All of lore.kernel.org
 help / color / mirror / Atom feed
From: Tejun Heo <tj@kernel.org>
To: "Johannes Weiner" <hannes@cmpxchg.org>,
	"Michal Koutný" <mkoutny@suse.com>
Cc: Sebastian Andrzej Siewior <bigeasy@linutronix.de>,
	Petr Malat <oss@malat.biz>, Bert Karwatzki <spasswolf@web.de>,
	kernel test robot <oliver.sang@intel.com>,
	Martin Pitt <martin@piware.de>,
	cgroups@vger.kernel.org, linux-kernel@vger.kernel.org,
	Tejun Heo <tj@kernel.org>
Subject: [PATCH 4/5] cgroup: Add per-subsys-css kill_css_finish deferral
Date: Mon,  4 May 2026 14:51:20 -1000	[thread overview]
Message-ID: <20260505005121.1230198-5-tj@kernel.org> (raw)
In-Reply-To: <20260505005121.1230198-1-tj@kernel.org>

93618edf7538 ("cgroup: Defer css percpu_ref kill on rmdir until cgroup is
depopulated") deferred kill_css_finish() at the cgroup level: rmdir waits
for the entire cgroup's populated count to drop to zero, then fires
kill_css_finish() on every subsystem css at once. Replace that with
per-subsys-css deferral. Each subsystem css now tracks its own hierarchical
populated count and independently defers its kill_css_finish() until its own
subtree drains.

The rmdir-race fix carries through unchanged in shape. The dying css's
->css_offline() still waits until no PF_EXITING task references it, and v2's
cgroup-level machinery goes away.

cgroup_apply_control_disable() has the same race shape (PF_EXITING tasks
pinning a css whose ->css_offline() is about to run) and stays synchronous
here.

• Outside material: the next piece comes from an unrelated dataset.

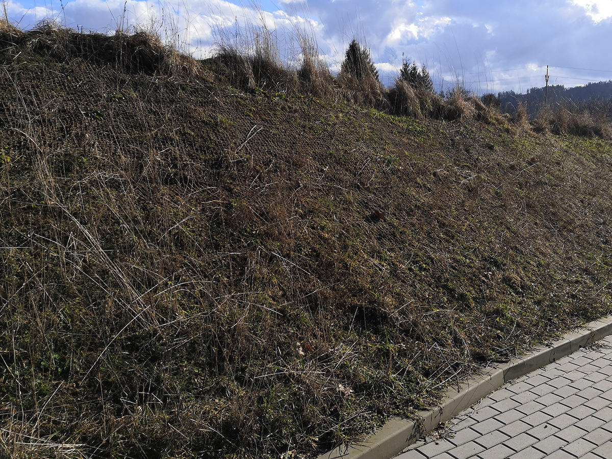 Síť pokládáme přímo na upravený břeh. Aby tkanina lépe plnila svou funkci, doporučujeme jí zafixovat s přesahem přes horní a dolní okraj svahu v délce okolo 0,8-1m. Postupně ji upevníme dostatečným množstvím kolíků s ohledem na sklon terénu a povaze půdy (většinou 1x1m). Síť nevystavujeme velkému napětí v tahu, vlákna by měla zůstat volná.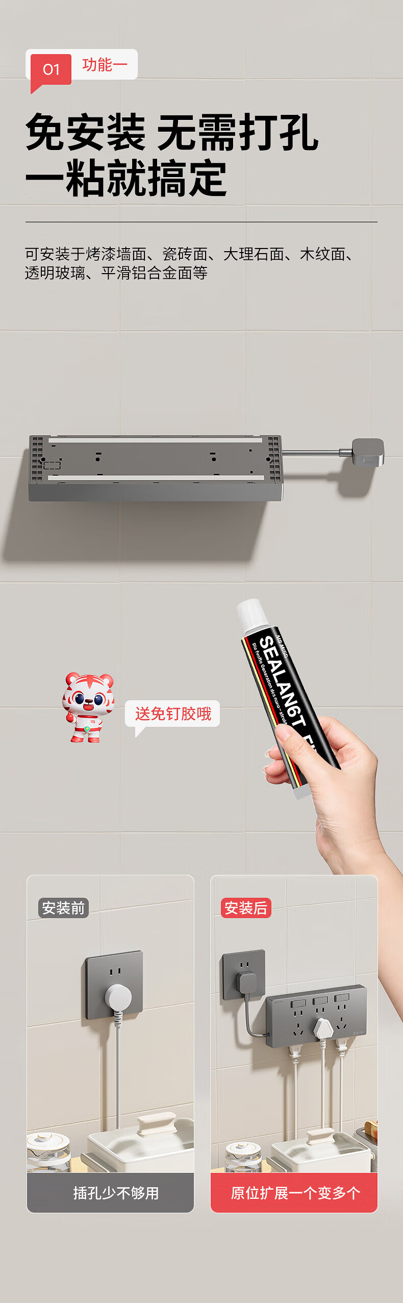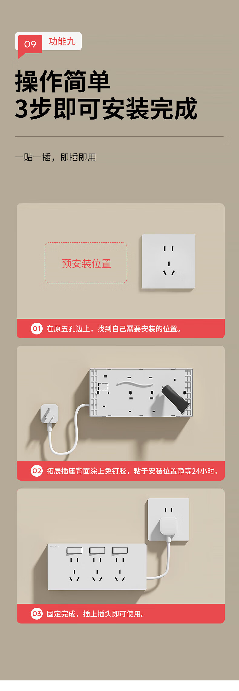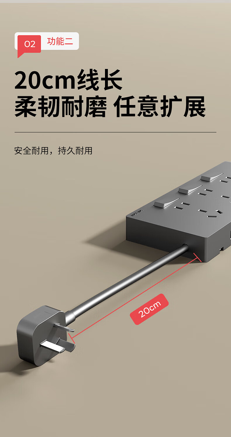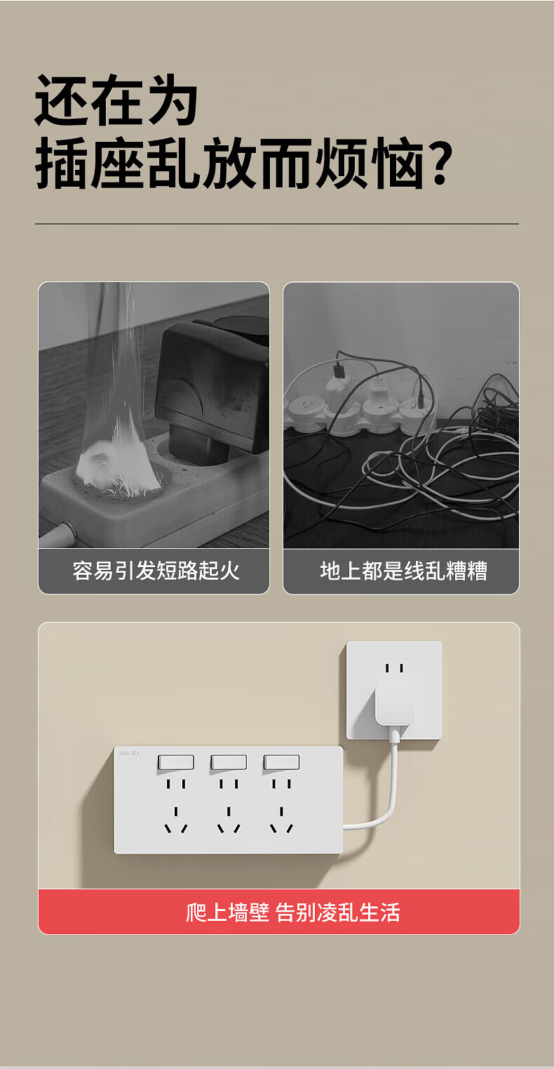 国际电工(FDD)厨房扩展插座多功能明装带线插板墙壁免打孔分控开关电源插排 白色三开21孔-向左扩展-带电源线

This patch lays the groundwork for fixing it - per-cgroup waiting
can't gate one subsys css being killed while the rest of the cgroup stays
live, but per-css can.

Subtree-wide invariant preserved: a dying ancestor css stays populated
through nr_populated_children until every dying descendant's task drains, so
the walker fires the ancestor's kill_finish_work only after all descendants
have drained.

Add paired smp_mb()s in kill_css_sync() and css_update_populated() to fence
the StoreLoad on (CSS_DYING, populated counter), guaranteeing that either
the walker queues kill_finish_work or the caller fires synchronously.
cgroup_destroy_locked() was implicitly fenced by an unrelated css_set_lock
pair; cgroup_apply_control_disable() in the next patch is not.

Signed-off-by: Tejun Heo <tj@kernel.org>
---
 include/linux/cgroup-defs.h |  6 +--
 kernel/cgroup/cgroup.c      | 83 +++++++++++++++++++------------------
 2 files changed, 46 insertions(+), 43 deletions(-)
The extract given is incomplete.